LeetCode 352 - Data Stream as Disjoint Intervals
This problem asks us to process a stream of non-negative integers and continuously maintain a compact representation of all numbers seen so far. Instead of storing every individual number separately, we want to group consecutive numbers into disjoint intervals.
Difficulty: 🔴 Hard
Topics: Hash Table, Binary Search, Union-Find, Design, Data Stream, Ordered Set
Solution
LeetCode 352 - Data Stream as Disjoint Intervals
Problem Understanding
This problem asks us to process a stream of non-negative integers and continuously maintain a compact representation of all numbers seen so far.
Instead of storing every individual number separately, we want to group consecutive numbers into disjoint intervals. An interval [start, end] represents every integer from start through end, inclusive.
For example, if the stream contains:
1, 2, 3, 7
then the summarized intervals are:
[[1, 3], [7, 7]]
because 1, 2, 3 form one consecutive block, while 7 stands alone.
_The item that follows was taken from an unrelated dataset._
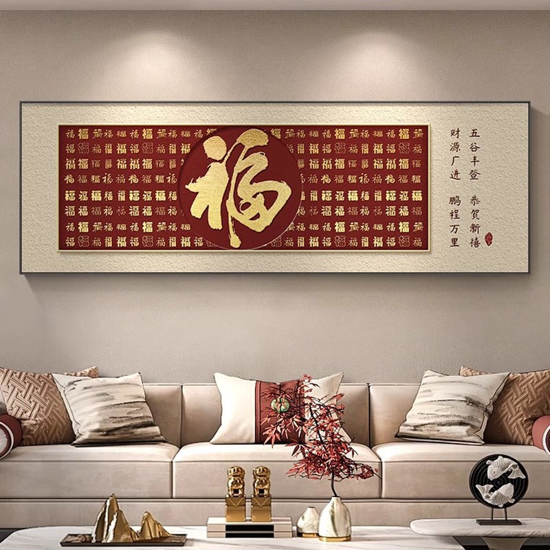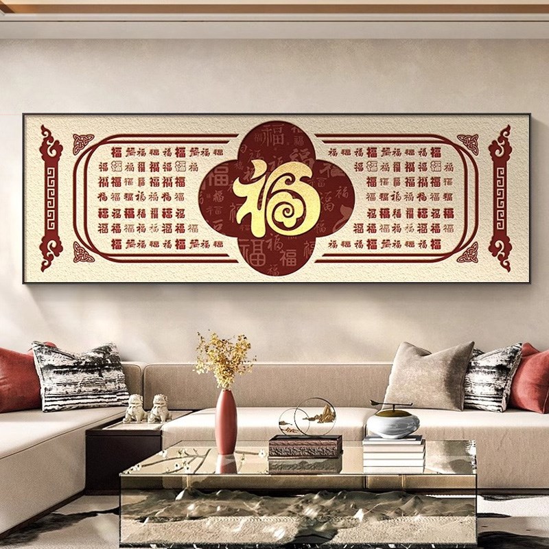 新中式百福图客厅装饰画寓意好沙A发背景墙画挂件福字挂画横幅壁

The class must support two operations:
addNum(value)
Adds a number into the data stream.
2. getIntervals()
Returns all disjoint intervals sorted by starting value.
The important detail is that numbers may arrive in arbitrary order. Adding a number can create several different situations:
- It may already exist
- It may create a new isolated interval
- It may extend an existing interval
- It may merge two intervals together
For example:
Current intervals: [[1, 1], [3, 3]]
Add 2
Result: [[1, 3]]
Here, 2 bridges the gap between two intervals and merges them.
The constraints are relatively small:
0 <= value <= 10^4- At most
3 * 10^4operations total - At most
10^2calls togetIntervals
These constraints suggest that a carefully designed ordered structure is sufficient. We do not need extremely advanced balancing structures, but we do need efficient interval merging.
Several edge cases are important:
- Adding duplicate values should not change anything
- Adding values adjacent to existing intervals must merge correctly
- Adding a value that bridges two intervals must combine them into one
- Adding values at the beginning or end of existing ranges must update boundaries properly
- The returned intervals must always remain sorted and non-overlapping
Approaches
Brute Force Approach
A straightforward solution is to store every number individually in a set.
Whenever getIntervals() is called:
- Extract all numbers
- Sort them
- Scan through the sorted list
- Merge consecutive numbers into intervals
This works because consecutive numbers naturally form intervals during a linear scan.
For example:
Numbers: {1, 2, 3, 6, 7}
Sorted: [1, 2, 3, 6, 7]
Intervals: [[1, 3], [6, 7]]
The approach is easy to implement and always correct. However, repeatedly sorting and rebuilding intervals becomes inefficient when the stream grows large.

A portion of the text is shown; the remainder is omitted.